Nov 15, 2010
(Vol. 30, No. 20)
Solving the Next-Gen Sequencing Data Crunch
Eureka Genomics' Bioinformatics Platform Takes Aim at Computational Bottlenecks!--h2>
The foundation for Eureka Genomics was laid several years ago during a meeting sponsored by the U.S. Department of Homeland Security. Researchers were demonstrating their inventions when one presenter, Yuriy Fofanov, Ph.D., director of bioinformatics at the University of Houston, TX, demonstrated a bioinformatics platform. The technology immediately impressed Didier Perez, COO and CFO at Eureka Genomics. “We had never seen any bioinformatics system that could provide the answers we were looking for.”
Perez secured worldwide exclusive rights to the technology from the University of Houston and launched Eureka Genomics in 2007, along with Dr. Fofanov and Heather Koshinsky, Ph.D., CSO. The company, located in Hercules, CA, and Houston, TX, first offered bioinformatics services based on designing ultraspecific RNA and DNA signatures for companies developing diagnostics. The platform subsequently expanded into its Next Generation Bioinformatics Service.
The storage, manipulation, and analysis of massive quantities of sequence data cause computational bottlenecks and delay scientific progress. Eureka Genomics’ approach uses novel sets of data structures and algorithms to quickly process data in a nonheuristic manner, according to Perez.
Most other approaches such as search engines like BLAST rely on heuristic analysis to find approximate answers to questions.
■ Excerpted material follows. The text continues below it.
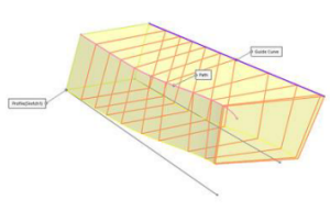 Ejemplo de Seguir trayecto y Seguir primera curva guía (dos curvas guía seleccionadas) |

Heuristic approaches, however, are limited because they only identify simple alignments or lack of alignments in data, and do not guarantee that all possible matches are detected. “In order to detect insertions, deletions, and substitutions at any position in the length of a sequence or portion of a genome, you need a non-heuristic approach.”
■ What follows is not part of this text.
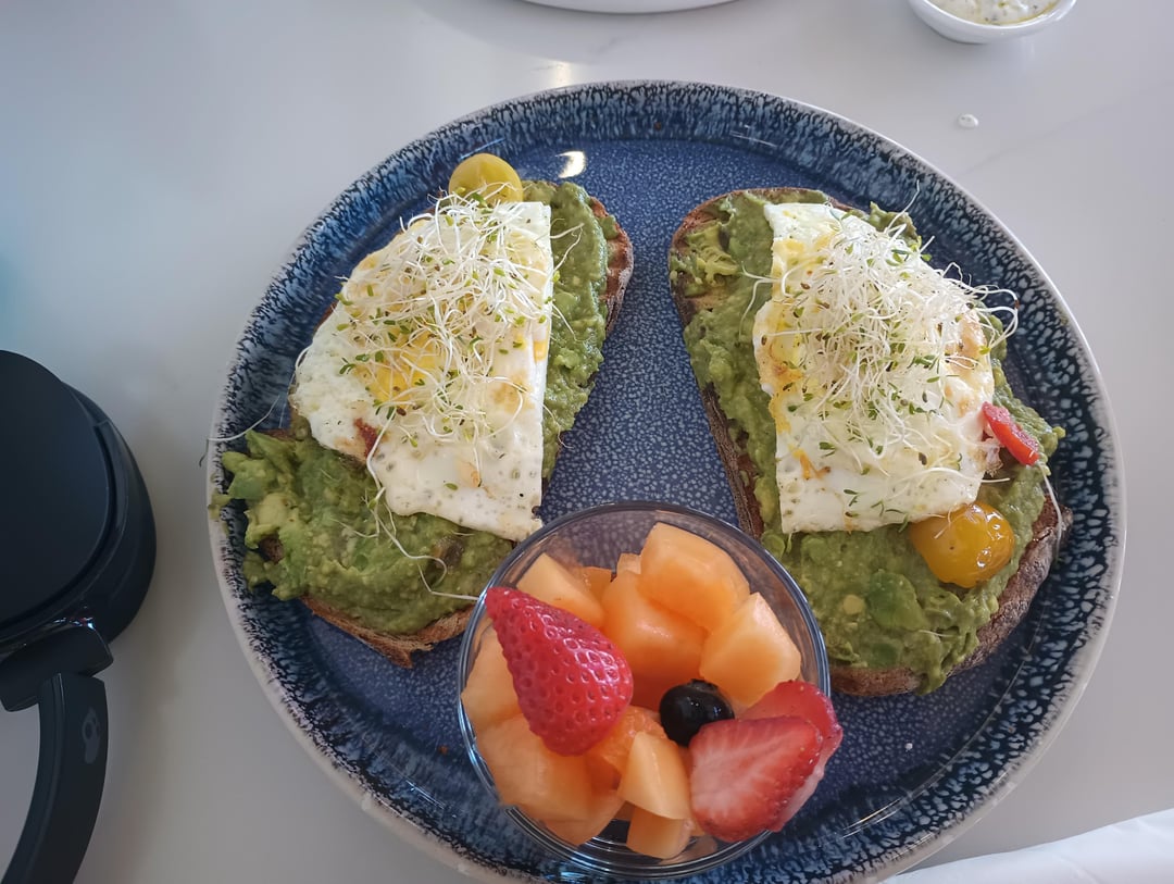 Odd-Principle5424 1 year ago The lunch was two avocado toast with egg, tomato, and bean sprout. The fruits are cantaloupe, straberry, and blueberry. And the desert was a banana cream gelato (kid size). Any help appreciates!

Fifteen years ago, “biologists thought that longer sequence reads were better,” explains Dr. Koshinsky. But, Dr. Fofanov, a mathematician, took an early view of sequencing data that was 180 degrees opposite the biological one. He wondered why biologists were so obsessed with long reads. It didn’t make sense to the mathematician, who thought shorter reads would be more informative if analyzed correctly.
The bioinformatics technology proved computationally intensive, and it provides a thorough understanding of sequence data, including mapping, assembly, and novel sequence discovery. The technology, adopted by Eureka Genomics, allows scientists to ask what genes are more or less expressed, discover and sequence new species, or identify foreign DNA in complex samples. “Those types of experiments are more addressable with our robust analysis of sequence data,” Dr. Koshinsky says.
Eureka Genomics recently demonstrated that its technology is capable of generating data from nanogram quantities of genomic DNA from plant, animal, and microbial cells. Most protocols for today’s sequencing instruments call for microgram amounts of a sample. However, it may be difficult to extract this much genomic material from environmental, clinical, and forensic samples. “This is a breakthrough because it represents a 1,000-fold reduction in the amount of sample needed to generate sequence data for analysis,” explains Dr. Koshinsky.
Among other projects, the company worked with scientists at the University of California, Davis to characterize a previously undefined viral disease that threatens California vineyards. Known as Syrah Decline, the disease has baffled researchers for 20 years. Eureka Genomics isolated RNA from both infected and healthy grapevines, then compared about five million short reads from infected plants to two million short reads from uninfected plants. Sequences unique to the diseased plants were assembled and analyzed with BLAST searches and the GenBank database.
They discovered a mixed infection of Grapevine rupestris stem pitting-associated fovea virus strains that contains two novel members. The information could help to contain or eliminate Syrah Decline. Grapevines imported into California are routinely quarantined and tested for diseases, and the nucleic acid signatures of the newly identified disease organisms may be added to the protocol. The technology readily extends to other areas of agriculture, cleantech, and human disease.
In another collaboration, Eureka Genomics teamed up with Glycos Biotechnologies to sequence the genome of a bacterium used in the biorefinery industry. The new bacterial strain plays a key role in efforts at Glycos Biotechnologies to commercialize microbial strains to produce high-margin biochemicals from a variety of feedstocks and byproduct streams considered as low value or waste.
The bacterial strains will make ethanol produced from corn and other biomass more economically sustainable by providing benefits to the biorefinery industry, according to the firms. Glycos Biotechnologies reported that working with Eureka Genomics saved it two years of research time and money.
These same tools help researchers at Eureka Genomics to detect unknown pathogens that cause human illnesses. “We’re working on finding a virus suspected of causing colorectal cancer and cardiovascular disease,” says Didier. When disease-associated pathogens are detected, Eureka Genomics will create intellectual property related to screening and diagnostic tools, therapeutics, and vaccines in collaboration with appropriate companies.